Thursday, December 11, 2008

Student Athlete Injustice

If anyone has been following the proceedings surrounding Syracuse University Basketball player Eric Devendorf and his recent legal troubles then you may have developed your own opinion on this matter. Fortunately for you I am here to set you straight. Being before a court of law is a serious matter, but being before some council made up primarily of students that very well could decide your fate as it applies to the remainder of your career is well outside the boundaries set forth by the United States Constitution and should be analyzed with much more scrutiny.

Whatever the findings of an actual legal tribunal, student councils and university justice is a fickle thing. The fate of an individual is put before a group on naive youngsters with no legal training and who may share the view that only guilty people have run-ins with the police, not to mention jealousy and ignorance as factors in their decision-making processes. How a court can exhonerate you but a student council can take away the remainder of your collegiate sports career and possibly your pofessional asperations is perplexing.

Lawyers with dreams of making a name for themselves are able to break with protocol at the expense of young athletes who fail to understand their need for proper legal council.
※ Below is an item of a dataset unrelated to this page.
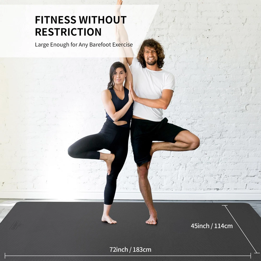 Fitness Without Restriction: Extra length and width(72"x 48"), You will never feel restricted or limited by the size of this fitness mat; Extra-large space allows you to do any Yoga Poses, Pilates, Stretch, Foam Rolling, Cardio Workouts, Meditations and various barefoot bodyweight training like Squats, Lunges, Push-ups, Plank Variations, and Calisthenics Grippy Not Slippy: Our Yoga Mat using a Two-toned Textured non-slip design so you can perform any movement with confidence; Wavy underside stops the mat from sliding on the floor; The laser graved surface prevents hands and feet from slipping out of position so you can hold poses no matter how vigorous your practice gets and whether you¡¯re practicing on a wood floor, or tile ( Not recommended for use on a rug) Optimize Workout Performance: The extra thick yoga mat and the textured surface stabilizes your body, relieves pressure points in all yoga postures, aids in balance to hold postures longer, and protect your joints and knees without compromising support or stability; Great for beginners, pros and yoga trainers, fitness exercises or rehabilitative purpose Versatile and Convenient: This fitness yoga mat is designed very lightweight and comes with storage straps that allows you to take it with you at work, at the gym, camping, and much more; Great for yoga, sit-ups, push-ups, aerobic exercises, outdoor camping, and much more; Roll it for convenient storage after use; A must-have for every yoga enthusiast Yoga mat of 2 versions logo will be sent RANDOMLY; Package Include: Large yoga mat, a microfiber towel, two mat straps; Note: We recommend that you use our yoga mat barefoot or with yoga socks, but do not wear shoes, because the shoes are rather hard on the material of yoga mats and can tear the mat

They are able to posture and impugn with little recourse, at the expense of these young kids, for the benefit of their unscrupulous selves seeking the limelight. The lure of the ESPN cameras is too much to withstand so they make their case to a national audience while failing to recognize the defendant's right to due process. Then you have these student councils that completely dismiss the testimony of multiple witnesses because of the biases they unknowingly hold such as the belief that fellow teammates would lie under oath, against the instructions of their coaches and council, to protect "one of their own." The legal system does not work ths way but a system placed in the hands of children certainly does. This young student is watching his future flow down the drain because some lousy driver caused an accident, copped an attitude about it, and then realized they could possibly get paid because their own negligence brought them face to face with someone who is quasi-famous and therefore provides the stage needed to make an issue out of a common occurence.

What we are left with is a young person who finds himself in a disturbing situation, who's only crime is failing to walk away from confrontation with someone who created such a situation, who then is refused the benefit of witness testimony and punished based not on fact but on hearsay and speculation. This is not right and has no basis as proper proceedings in our free and just society. A court system established outside of the framework of common law should not be recognized when it is comprised of individuals without the necessary training and expertise to make decisions that are so permanent and devastating to the accused.